Kenneth asintió.
“Haz lo que tengas que hacer”, murmuró.
“¿Cómo está su nutrición? ¿Ha estado comiendo?”, preguntó el médico, sin dejar de mirar a Kenneth.
“No, no ha comido”, murmuró. “Ni ha bebido”.
“Va a matar al bebé si no come y bebe algo”, explicó, haciendo que el corazón se me estrujara dolorosamente en el pecho.

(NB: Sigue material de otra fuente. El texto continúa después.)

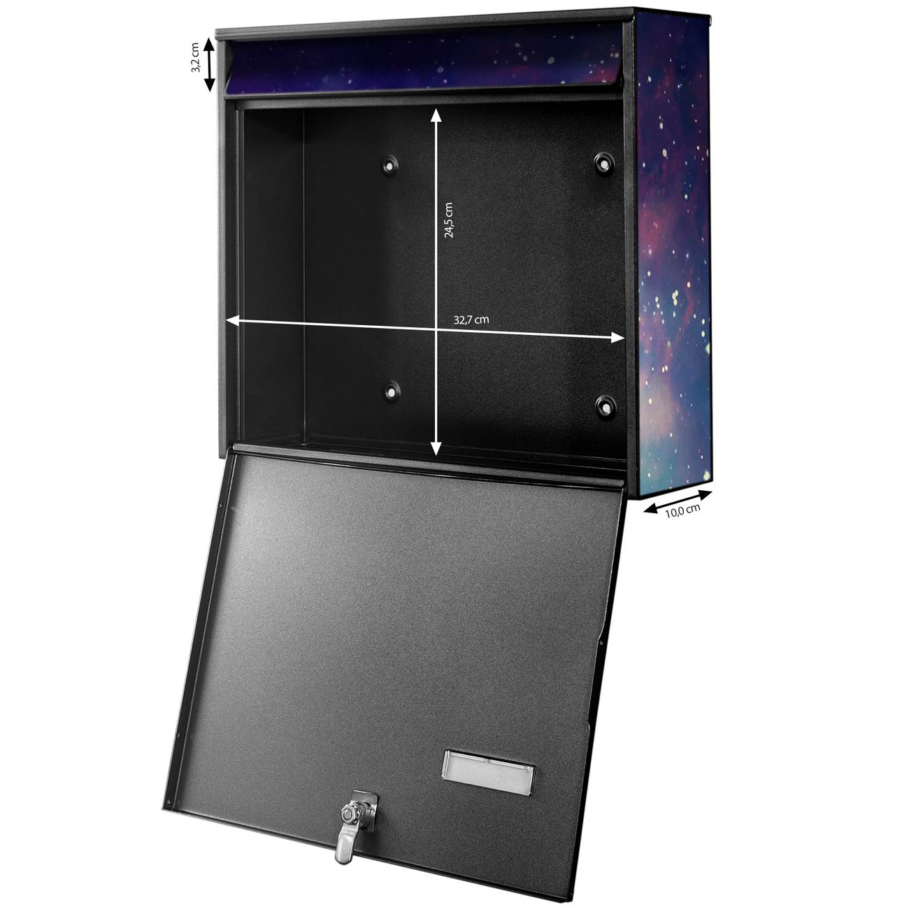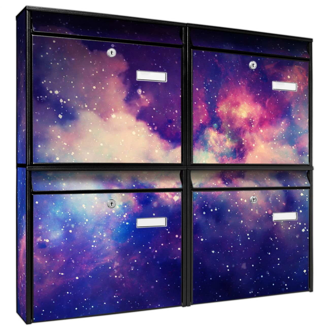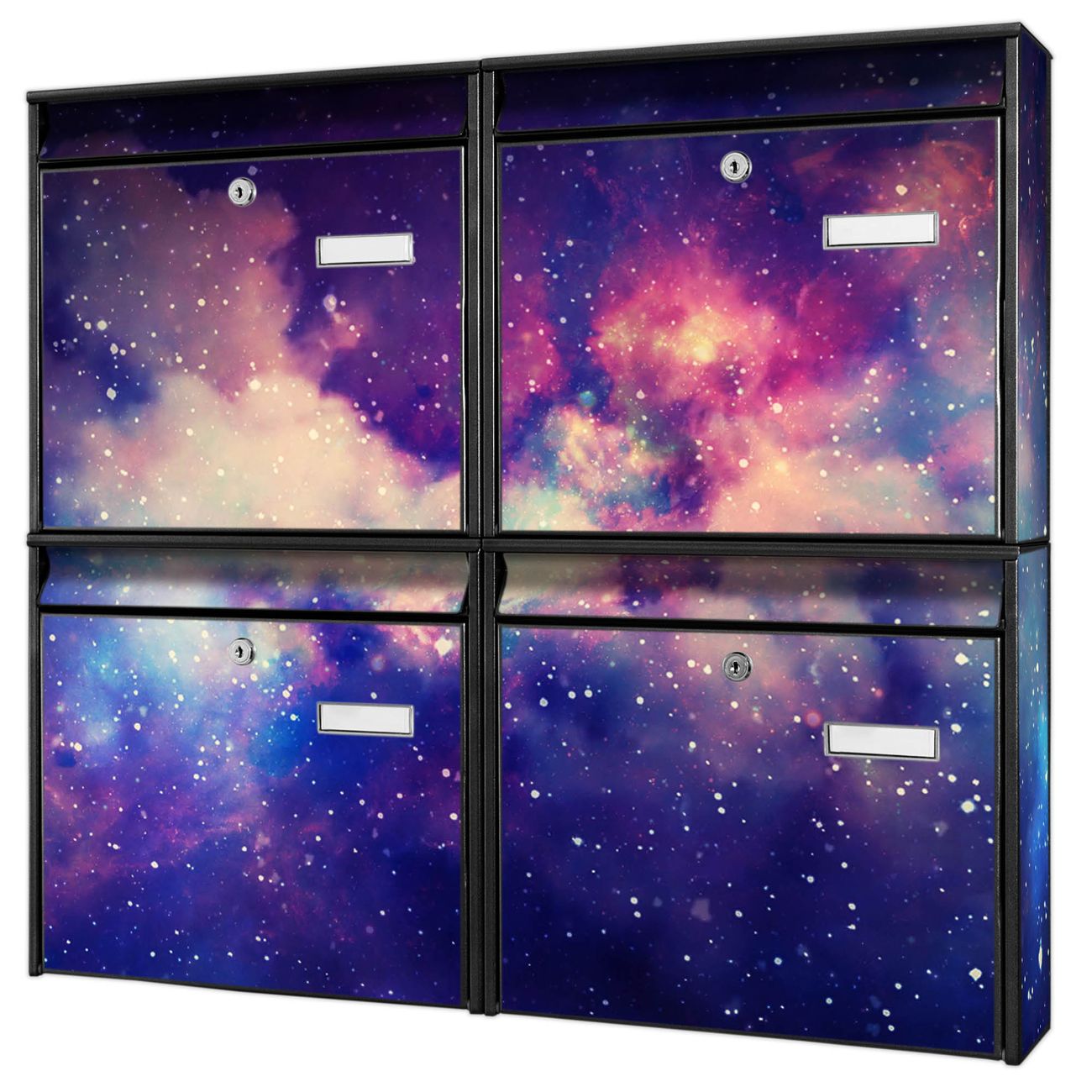 FUNKTION: Die Burg-Wächter Briefkastenanlage mit Motiv Im Weltall 1 bietet Ihnen ausreichend Fassungsvermögen um auch A4 und C4 Sendungen zu empfangen. Das integrierte Namensschild lässt sich individuell beschriften. Wählen Sie aus den Grundfarben weiß, silber und schwarz. DESIGN: Die 4 Briefkästen haben ein ansprechendes und zeitloses Design, ohne dabei auf Funktionalität zu verzichten. Das Material ist sehr stabil, wetterfest und rostfrei. Durch das Motiv Im Weltall 1 werden die Postkästen zu einem Blickfang. DETAILS: Die Postkästen bestehen aus verzinktem Stahl der zusätzlich mit Klarlack versiegelt wurde. Die Kästen sind gesamt 64,5cm hoch, 72,5cm breit und 10cm tief. Das Motiv besteht aus einer wetter- und UV-festen Folie, die Ihren Briefkasten zusätzlich vor Kratzern schützt. Die Postkästen werden mit Montagematerial, je einem Namensschild und je zwei Schlüsseln geliefert. NUTZEN: Das Briefkastenset eignet sich für die Wandmontage, die Größe bietet genügend Platz für Sendungen aller Art. Das zeitlose Design sowie die stabile Bauart bieten Ihnen einen treuen Begleiter für Ihre Post. BANJADO:
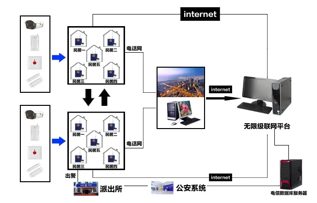 周邊防范:來訪者通過別墅門口機呼叫,業主確認后開門,其他非法入侵都會引起警報(別墅門口機和大門紅外對射關聯,開鎖后撤防,上鎖后,自動布防)。
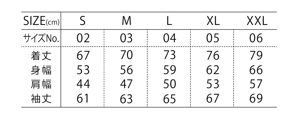 | 袖丈 | 61 | 63 | 65 | 67 | 69 |
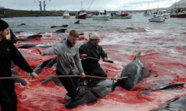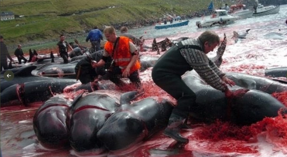 Genera repudio el «grind», antigua tradición que se practica en las islas Feroe, Dinamarca, y que consiste en encerrar con barcos ballenas piloto en una costa de la bahía para luego cazarlas con cuchillos y arpones.
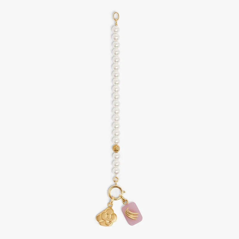 Il bracciale Icon Pearl bianco e oro è un elegante modello realizzato con lucenti perle d’acqua dolce e ottone placcato oro, caratterizzato dal design iconico della Maison impreziosito da dettagli in quarzo. Completato da una chiusura a gancio placcata oro. Fornito con una confezione regalo, una custodia con marchio e un libretto con i dettagli del prodotto.
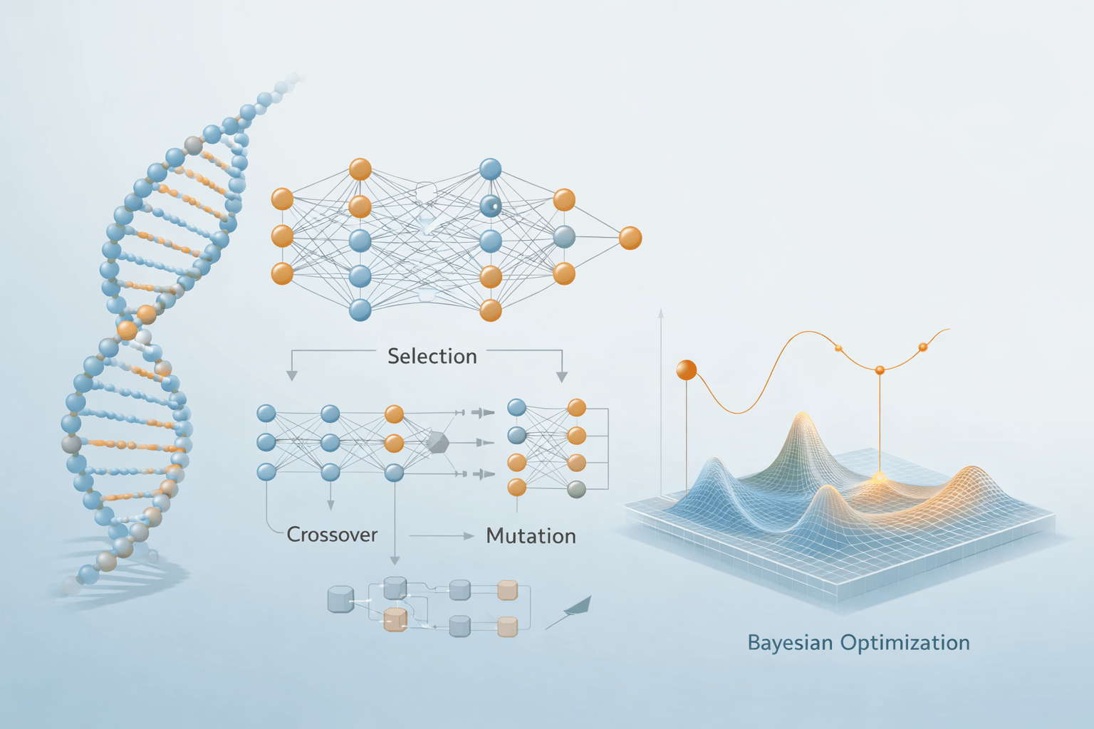 Evolutionary algorithms, and genetic algorithms (GA) in particular, provide an alternative paradigm for neural architecture optimization. Inspired by biological evolution, GA operate on populations of candidate solutions that evolve over successive generations through selection, crossover, and mutation. This population-based search enables efficient exploration of complex, discrete, and highly structured search spaces.
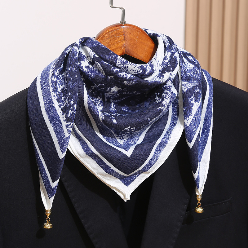 • 파란색과 흰색 꽃 + 금속 자석 버클 스카프
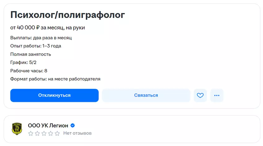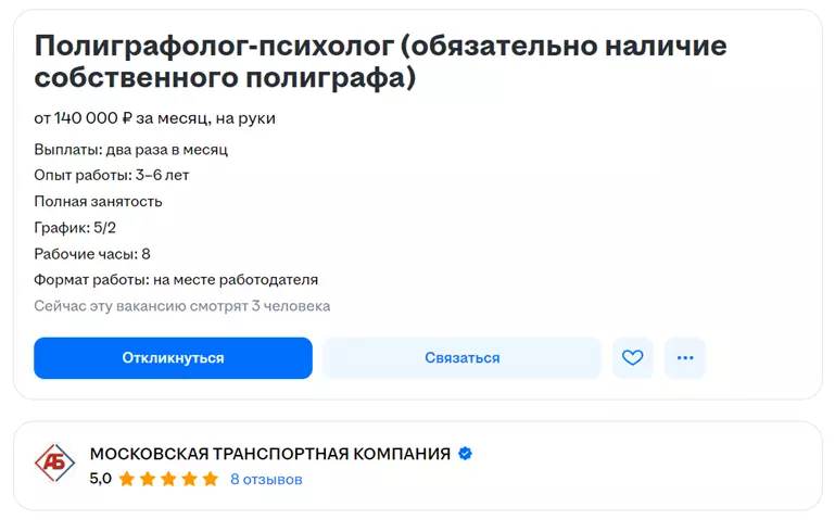 Вакансий для полиграфолога на сайтах поиска работы немного. Например, в октябре 2025 году удалось найти всего 20 вакансий. Минимальный уровень зарплат начинается от 40 000 рублей, максимальный зафиксированный уровень — 140 000 рублей (на такую вакансию требуется специалист с собственным полиграфом).
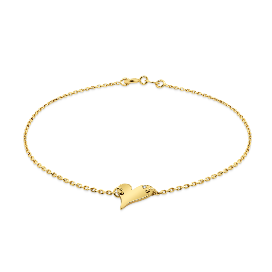 Brățară din aur galben de 14K și element în formă de inimă cu Diamant de 0.005ct.
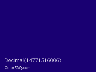 Decimal 14771516006 Color is a very dark indigo color and the nearest color is Deep Blue #220878. Hex code #190072 and RGB value is rgb(25,0,114). In RGB color space, this color is composed of 10% red, 0% green, 45% blue, In CMYK color space, this color is composed of 78% cyan, 100% magenta, 0% yellow , 55% black , In HSL color space, this color has a hue angle of 253° , 100% saturation and 22% lightness.
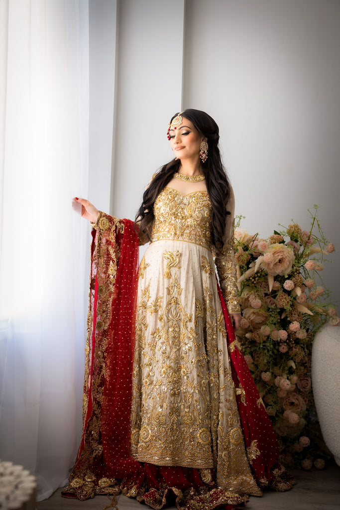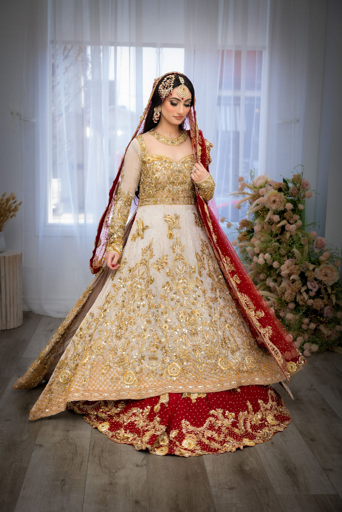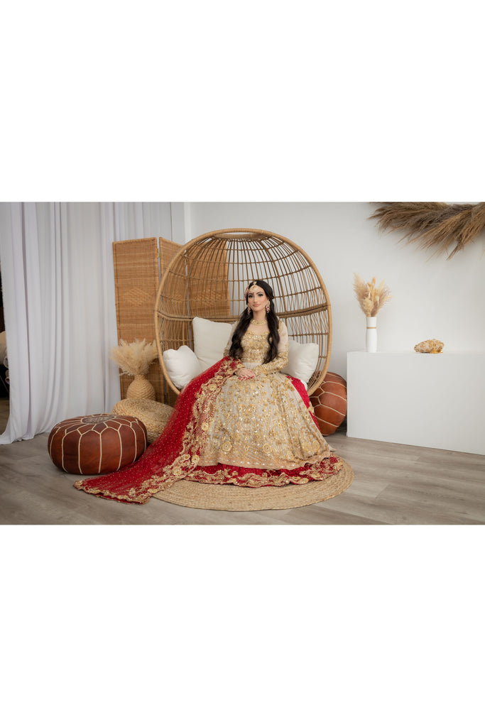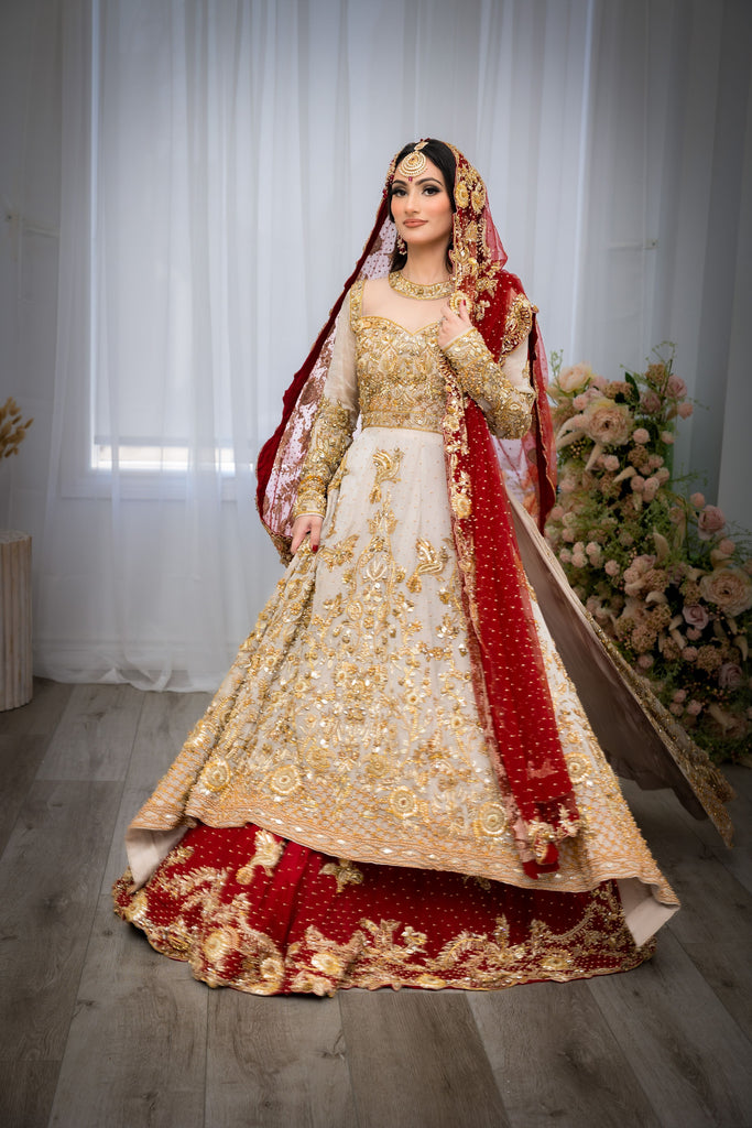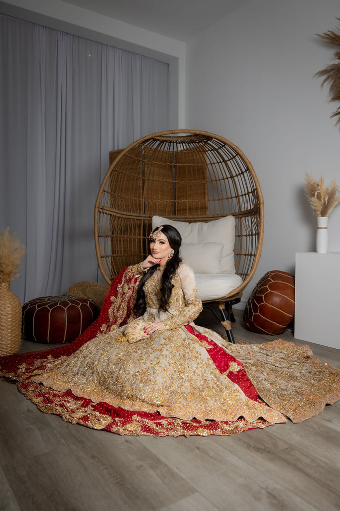 A perfectly picked red & gold bridal featuring a flowy silhouette with an accentuated A-line mesuri kameez paired with a two-toned deep scarlet silk lehenga. Lavishly embellished & decorated with a carefully curated gold garden of florals, vines, butterflies & birds - All handworked to perfection with crystals, gotta, pearls & zardozi. Complemented with a handworked scarlet red net dupatta.
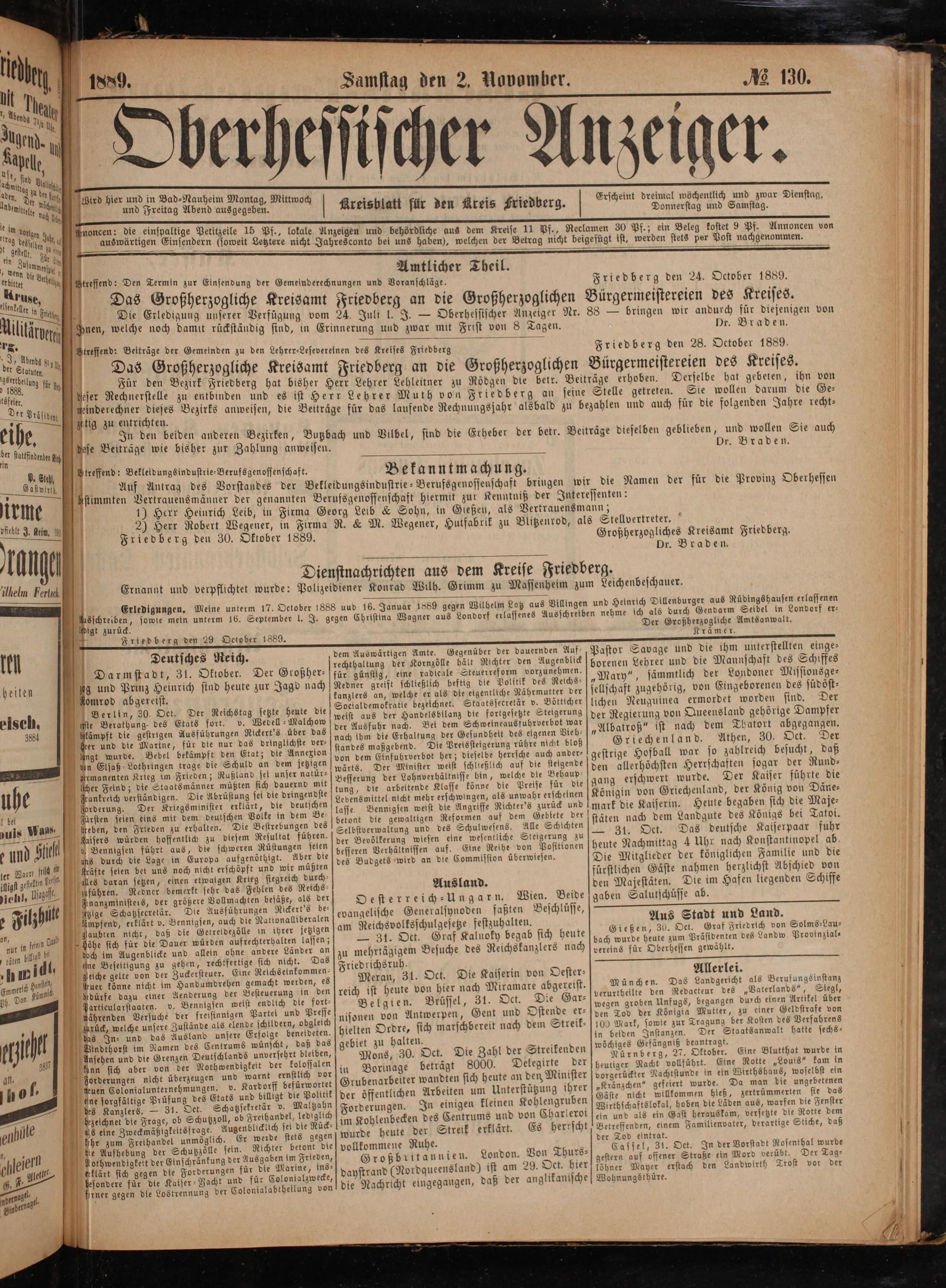1 Friedberg den 29. Oetober 1889.
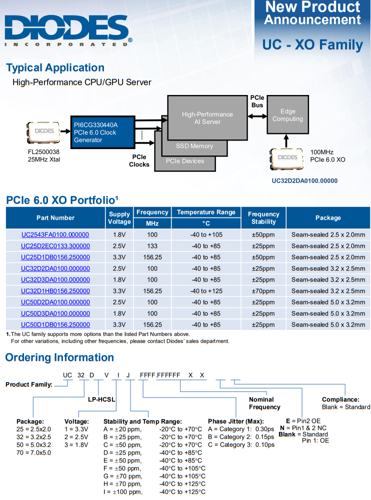 DIODES公司UC型號(hào)石英晶體振蕩器的超低抖動(dòng)使其成為網(wǎng)絡(luò)和計(jì)算應(yīng)用中PCIe 6.0時(shí)鐘的理想選擇。PCIe 6.0標(biāo)準(zhǔn)100MHz頻率,可選25~161MHz頻率范圍,靈活的頻率選擇支持各種系統(tǒng)設(shè)計(jì)要求,低15mA電流,支持1.8V, 2.5V, 3.3V供電電壓,標(biāo)準(zhǔn)HCSL器件的一半供電電流,超低<100fsRMS的抖動(dòng),片上終端無(wú)需外接電阻,節(jié)省電路板空間,降低成本。 特征,超低相位抖動(dòng),最大有效值0.1ps。(12kHz至20MHz),溫度范圍擴(kuò)展至125℃,完全無(wú)鉛和完全符合RoHS標(biāo)準(zhǔn),無(wú)鹵素和銻。“綠色”產(chǎn)品,在單獨(dú)的數(shù)據(jù)表(UCQ系列)下提供符合汽車標(biāo)準(zhǔn)的部件。應(yīng)用程序,網(wǎng)絡(luò)系統(tǒng),光學(xué)模塊,服務(wù)器和存儲(chǔ)系統(tǒng),專業(yè)視頻設(shè)備,測(cè)試與測(cè)量,F(xiàn)PGA/ASIC時(shí)鐘生成,112 g系列應(yīng)用程序。
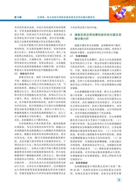 摘要:隨著儲(chǔ)能技術(shù)日趨成熟和成本快速下降,中國(guó)儲(chǔ)能產(chǎn)業(yè)快速發(fā)展,逐步從研發(fā)示范向商業(yè)化階段過(guò)渡,但整體來(lái)看儲(chǔ)能產(chǎn)業(yè)還處于發(fā)展初期階段,仍存在發(fā)展前景不明晰、技術(shù)標(biāo)準(zhǔn)不完善、商業(yè)模式和市場(chǎng)機(jī)制不清晰等問題。從發(fā)展規(guī)模、技術(shù)經(jīng)濟(jì)性、產(chǎn)業(yè)鏈等方面總結(jié)中國(guó)儲(chǔ)能發(fā)展現(xiàn)狀,基于“源-網(wǎng)-荷-儲(chǔ)”協(xié)調(diào)規(guī)劃理論,從宏觀層面展望新能源大規(guī)模發(fā)展形勢(shì)下中長(zhǎng)期儲(chǔ)能發(fā)展前景,研究?jī)?chǔ)能在電力系統(tǒng)中的合理運(yùn)行方式、與新能源消納關(guān)系等重要問題;從微觀層面對(duì)儲(chǔ)能在電源側(cè)、電網(wǎng)側(cè)和用戶側(cè)等場(chǎng)景的應(yīng)用關(guān)鍵問題及發(fā)展對(duì)策進(jìn)行分析,并提出相關(guān)建議,為推動(dòng)中國(guó)儲(chǔ)能產(chǎn)業(yè)健康發(fā)展提供參考。
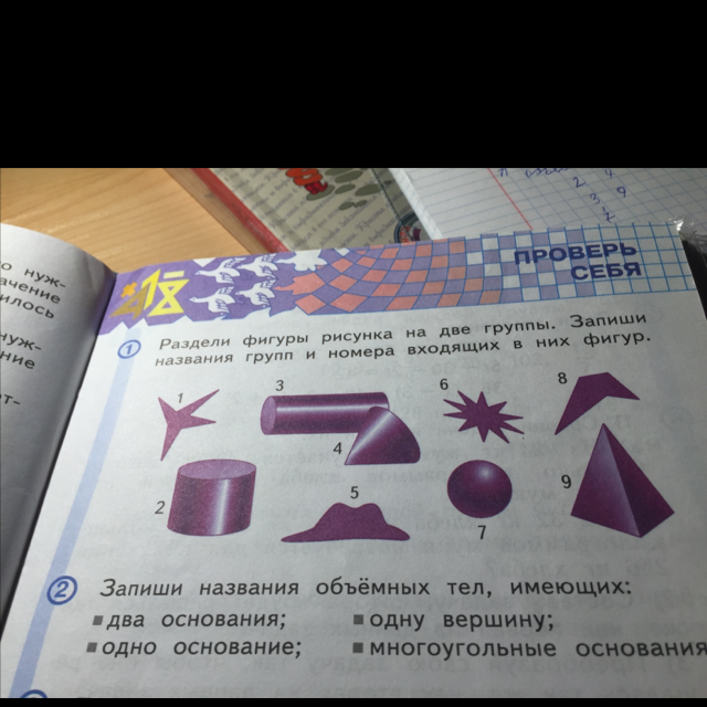 Вторая группа: 2,3,4,7,9 это объёмные фигуры.

Kenneth entrecerró los ojos.
“Me aseguraré de que eso no ocurra”.
Asintió y se volvió hacia mí. Apartó el ecógrafo y me limpió la gelatina del vientre. Luego, empezó a preparar la jeringa. No quería que me pinchara nada, temía lo que pudiera hacerme, pero ella insistió en que era para mantener vivo a mi bebé. Era lo mejor que podía hacer por el momento; el resto dependía de mí.
Me estremecí cuando la aguja se clavó profundamente en mi vientre y en mi bebé. Me pregunté si le dolería tanto como a mí. La idea de que mi bebé sintiera algún tipo de dolor me daba ganas de vomitar.
La doctora no tardó en levantarse y dirigirse a Kenneth.